I didn't have any choice but to go back to work full time - it's the reality of being a woman in your early 30s in London. Life is expensive and I need to support my family and I don't have a DH whose salary alone can support us.

To to OP - nursery can be a wonderful environment for your child if you choose carefully and feel happy with the staff and the services they provide. We did many weeks of 'settling in' sessions with DS and if you found that your DC wasn't happy with nursery, I'm sure you'd find alternative means of care (child minder for example) or re-consider your work situation.

Hope you manage to find a good compromise!

Zooropa · 03/03/2010 13:21

Thanks for the replies - a mix and lots to consider! It would be 3 days a week from 9 or 10 months old. DS went 2 days a week from 13 months, and I found that hard enough though it was a good nursery. CM is a consideration.

OP posts:
sunshine2009 · 10/03/2010 08:23

I put my daughter in at 4 months. I work at a nursery though and think its great. Nursery has helped my child as I think it has helped every child I currently work with.

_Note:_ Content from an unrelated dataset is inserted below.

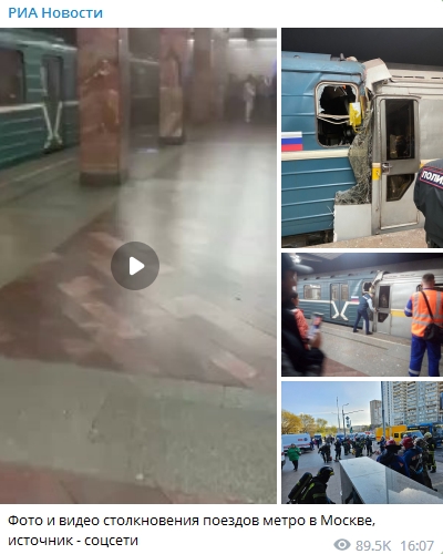 莫斯科市長索比亞(ya) 寧在社交媒體(ti) 上稱,事故導致一名列車司機受傷(shang) ,正在為(wei) 其提供醫療救助;沒有乘客重傷(shang) 。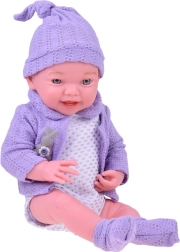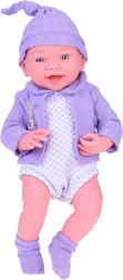 Roztomilá bábika bábätko s výškou 40 cm poteší každé dieťa realistickým vzhľadom a príjemným dotykom. Má pohyblivé končatiny, detailnú tváričku a je oblečená do fialového svetríka s čiapočkou, body a mäkkých ponožiek. Skvelá na hru na starostlivosť, rozvoj empatie a fantázie.

They become talkative, confident, all the parents come in and say they never stop going on about us and their friends at home etc. If they start young they dont usually have the tears or settling in process the same as the older ones. So I would be perfectly happy to send all my child at that age whether I was working there or not.

mog76 · 23/03/2010 17:45

my little boy has been 4 full days a week since he was 14 weeks old. i need to work and as the main breadwinner cannot afford to give up work. he's now 16 months.
however, he has LOVED every minute of it. at the nursery he attends the variety of activities is amazing - they have weekly yoga lessons, almost daily walks to the local park and outings, activities and toys that vary each day. it's certainly not 10 hours staring at the same four walls. he adores his key worker but also all the other ladies who work in the room (which is one reason I wanted a nursery over a childminder, so he could get used to different people, different races etc as I didn't like the idea of 1 childminder only and it being "home from home", or a "home" substitute). It's not home - it's nursery. He also loves his "friends", who he shouts for every morning as he arrives.
Compared to others of his age he is also very good with his vocab, physical dexterity and understanding. Whether this is down to nursery or not, I don't know but, as far as I'm concerned, it really is the best thing I've ever done!
I suspect that it's very true - if Mum is happy, then the kid usually is too, but I also genuinely feel he has benefited from being in such an environment.